456 132 Pattern

456. 132 Pattern

1. Question

Given a sequence of n integers a1, a2, ..., an, a 132 pattern is a subsequence ai, aj, ak such that i < j < k and ai < ak < aj. Design an algorithm that takes a list of n numbers as input and checks whether there is a 132 pattern in the list.

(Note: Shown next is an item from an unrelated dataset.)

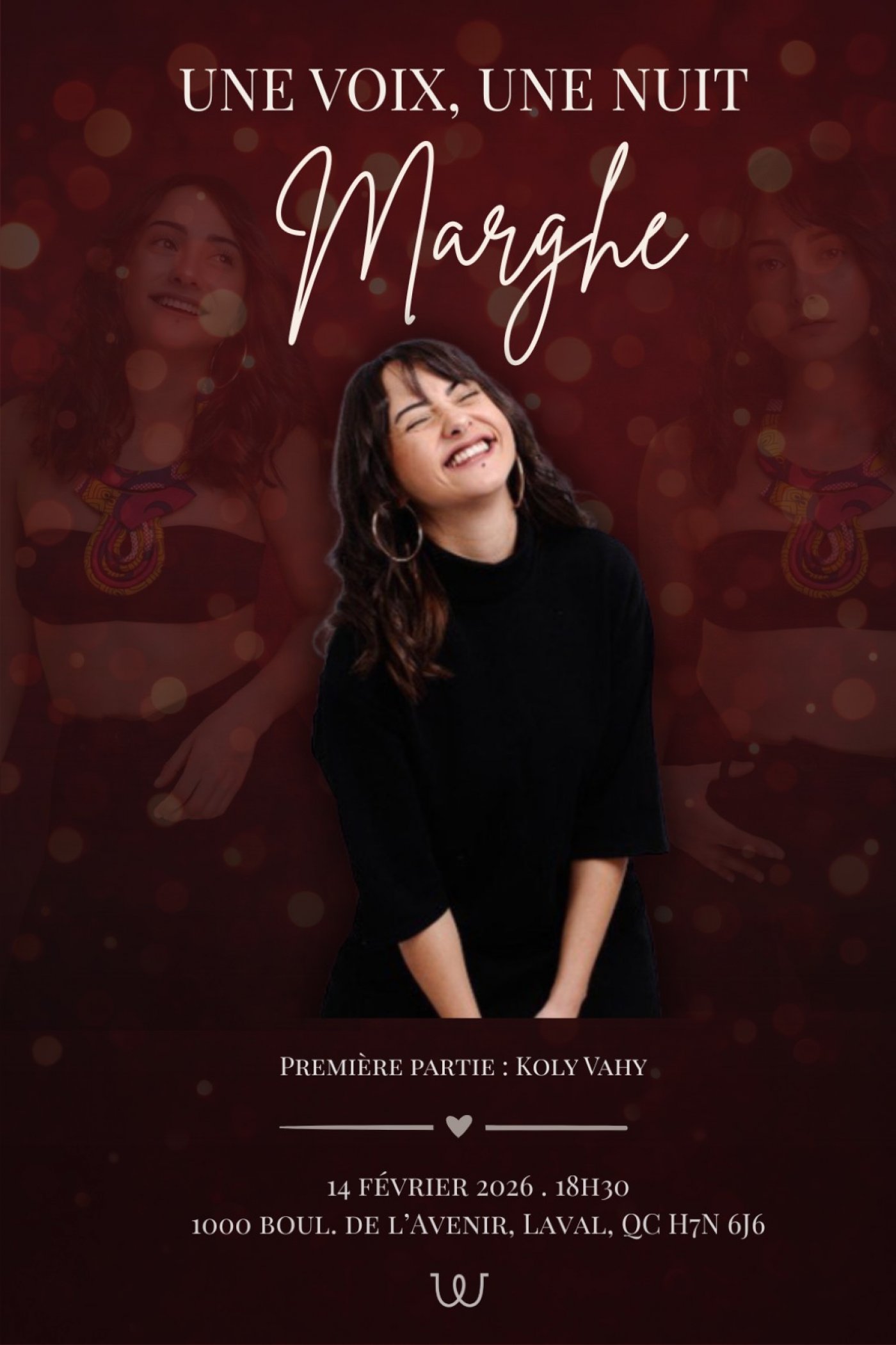 Révélée au grand public en remportant The Voice France saison 10, Marghe séduit par une voix à la fois puissante, sensible et profondément expressive. Originaire de Madagascar, elle a grandi entre cultures et sonorités, ce qui imprègne son univers musical d’une réelle richesse. Après sa victoire, elle lance son premier single “Nouvelle vie” puis son premier album Alefa, métissé entre pop moderne et influences world qui reflète sa personnalité et son parcours. Sur scène, Marghe crée une connexion intime et sincère avec le public, avec élégance, intensité et émotion.

Note:n will be less than 15,000.

Example 1:

Input: [1, 2, 3, 4]

Output: False

Explanation: There is no 132 pattern in the sequence.

Example 2:

Input: [3, 1, 4, 2]

Output: True

Explanation: There is a 132 pattern in the sequence: [1, 4, 2].

Example 3:

Input: [-1, 3, 2, 0]

Output: True

Explanation: There are three 132 patterns in the sequence: [-1, 3, 2], [-1, 3, 0] and [-1, 2, 0].

2. Implementation

思路: 这题只要返回true or false，所以我们从后往前遍历数组，利用单调递减stack寻找第二大的数，一旦遍历的过程中找到一个前面的数小于第二大的数，则我们找到pattern

class Solution {
    public boolean find132pattern(int[] nums) {
        if (nums == null || nums.length == 0) {
            return false;
        }

        int secondMax = Integer.MIN_VALUE;
        Stack<Integer> stack = new Stack<>();

        for (int i = nums.length - 1; i >= 0; i--) {
            if (nums[i] < secondMax) {
                return true;
            }
            else {
                while (!stack.isEmpty() && stack.peek() < nums[i]) {
                    secondMax = stack.pop();
                }
                stack.push(nums[i]);
            }
        }
        return false;
    }
}

3. Time & Space Complexity

时间和空间复杂度都是O(n)